# Koi-Gesundheit



## Koi-Uwe (20. Jan. 2009)

Hallo,
ich behaupte jetzt einfach mal das der Frühling bald da ist  Darum dieses Thema.
Was kann man tun damit es unseren Babys im Teich auch gut geht, dass sie Gesund und gestärkt in den nächsten Winter gehen können ?

Ich habe ja in meiner doch noch kurzen "Teichkarriere" so ziemlich jede Krankheit durchmachen müssen. Über Trichodina, Ichtyo, Kiemenwürmer, Hautwürmer und Costia war ja alles dabei. Hinzu kamen noch Karpfenläuse und das Ende war dummerweise KHV.

Warum war das so ? Mir fallen da mal ein paar Dinge ein:
- Überbesatz
- Verschiedene Händler
- Zu niedrige Temperatur im Teich
- Falsche Medikation bei Krankheit
- Schlechte Filterleistung
- Schlechte Hygiene

Seit Juli 2008 ziehe ich in einem Innenteich kleine Kois groß, erst waren es 10 in ca. 1000 Liter Wasser, nun sind es 18 (!) in 4000 Litern.
Und von Beginn an hatte ich *niemals* Probleme mit dem viel zu großem Besatz auf viel zu wenig Wasser bei sehr guter Fütterung.

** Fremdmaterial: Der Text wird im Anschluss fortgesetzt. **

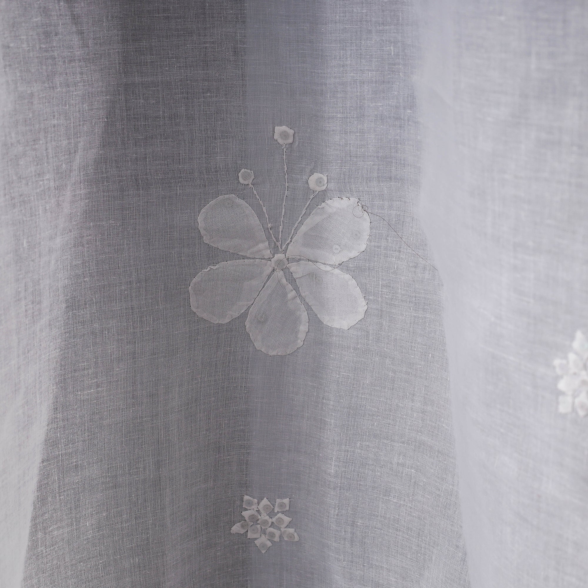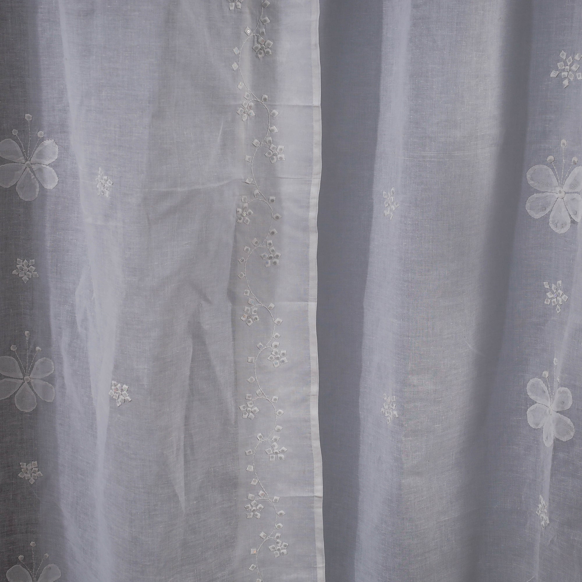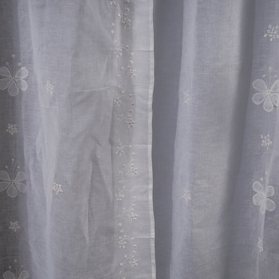 White - Applique Flower Cutwork Cotton Door Curtain from Rampur (7 x 3 feet) (single piece)

Und wieder die Frage, warum ist das so ? Mittlerweile weiß ich es und möchte es mal aus meiner Sicht schreiben um anderen klar zu machen was an einem Teich zu tun ist, bevor man sich einige Kois in sein Gewässer setzt.
*
- Grundregel: 1 Koi auf min. 1000 - 2000 Liter Wasser (Gilt natürlich nicht für eine Innenhälterung), da greifen andere Parameter
- Regelmäßige Wasserwechsel erforderlich (Faustregel min 10% pro Woche)
- Regelmäßige Wasserparameterkontrolle (PH, NO², NO³, Sauerstoff usw.)
- Ausreichende Temperatur (>20° im Sommer)
- Abgestimmte Filteranlage, besser zu Groß Dimensioniert
- Tägliche Kontrolle des Teiches und seine Bewohner
- Wenn möglich, Kois nur von einem Händler (Quarantäne !!)
- Auch Pflanzen sollte man "reinigen"
- Ausgewogene Ernährung
- Ärztliche Betreuung in Reichweite
- Sich mit dem Thema Koihaltung auseinandersetzen (Fachbücher, Internet usw.)

Und weil es im Moment aktuell ist, wie komme ich durch den Winter ?
- Innenhälterung um den Winterproblemen aus dem Weg zu gehen
- Teichheizung, evtl. mit Abdeckung
- Regulierbare Filteranlage
- Notfallszenarien zurecht legen
*

Ich denke es sind eine Menge Dinge zu beachten um Stressfrei für sich und seine Teichbewohner über das Jahr zu kommen.

Dies soll keinem Angst machen, nur einen Denkanstoß geben.

Wenn noch was fehlen sollte, immer her damit.


----------



## berndbs (21. Jan. 2009)

*AW: Koi-Gesundheit*

Hallo Koi-Uwe,

sind denn Koi`s nicht Winterfest? Damit mein Teich nicht komplett zufriert, lasse ich den Luftsprudeler durch laufen. Kann es den Fischen zu kalt werden?

Gruß
Bernd aus Braunschweig


----------



## Koi-Uwe (21. Jan. 2009)

*AW: Koi-Gesundheit*

Doch,
Kois sind Winterfest, man sollte aber schon die Temperaturen im Auge behalten. Unter 3° sollte die Temperatur in dem sich die Kois aufhalten nicht fallen.


----------



## Frettchenfreund (21. Jan. 2009)

*AW: Koi-Gesundheit*

Hallo Uwe!






Koi-Uwe schrieb:


> Dies soll keinem Angst machen, nur einen Denkanstoß geben.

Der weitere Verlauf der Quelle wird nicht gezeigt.